Issue 39 January 2012
4. Sleep disorders related to blood sugar levels in kids with diabetes

T1 diabetes children with disturbed sleep have problems not only in blood sugar control, but also in quality of life. Diabetic children with more nightly apnea events had significantly higher glucose levels and spent more time in hyperglycemia than young type 1 diabetics without sleep disturbances, Michelle Perfect, PhD, of the University of Arizona in Tucson, and colleagues reported online in ‘Sleep’.

"Despite adhering to recommendations for good diabetes health, many youth with type 1 diabetes have difficulty maintaining control of their blood sugars," Perfect said. "We found that it could be due to abnormalities in sleep, such as daytime sleepiness, lighter sleep, and sleep apnea. All of these make it more difficult to have good blood sugar control".
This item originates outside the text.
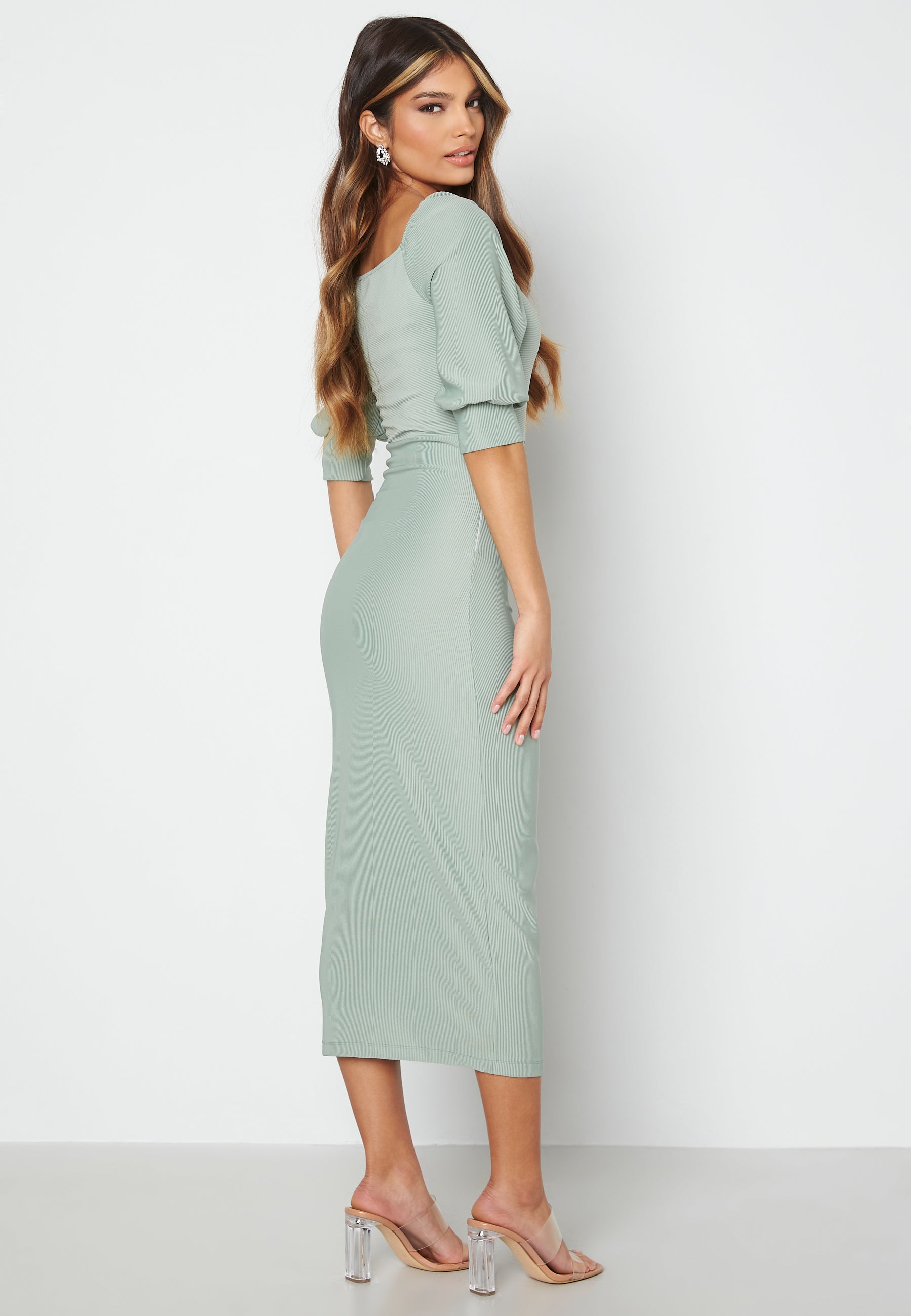 Beautiful midi dress by BUBBLEROOM with puff sleeve.

The researchers assessed 50 type 1 diabetes patients aged 10 to 16 – 40 yrs of whom had polysomnography data -- and in part of the study, compared them with 40 matched controls.

They found that kids with an apnea-hypopnea index score of 1.5 events per hour or greater had higher blood glucose levels on continuous glucose monitoring (CGM) and spent greater percentage of time at night in hyperglycemia. With regard to sleep architecture, when compared with healthy controls, youth with type 1 diabetes spent more time in lighter sleep, and less time in deeper sleep, particularly during the first half of the night.

Those with diabetes also experienced more central apnea events per hour, although there were no significant differences in total apnea events, the researchers said. Perfect and colleagues found that spending less time in deep sleep, was associated with higher HbA1c levels, and that more time spent in lighter sleep, was associated with higher HbA1c levels, higher glucose levels, and more time in hyperglycemia.

The researchers also found that self-reported daytime sleepiness was linked with compromised psychosocial functioning. The authors recommend that “Sleep should be routinely assessed as part of diabetes management in youth with T1DM”.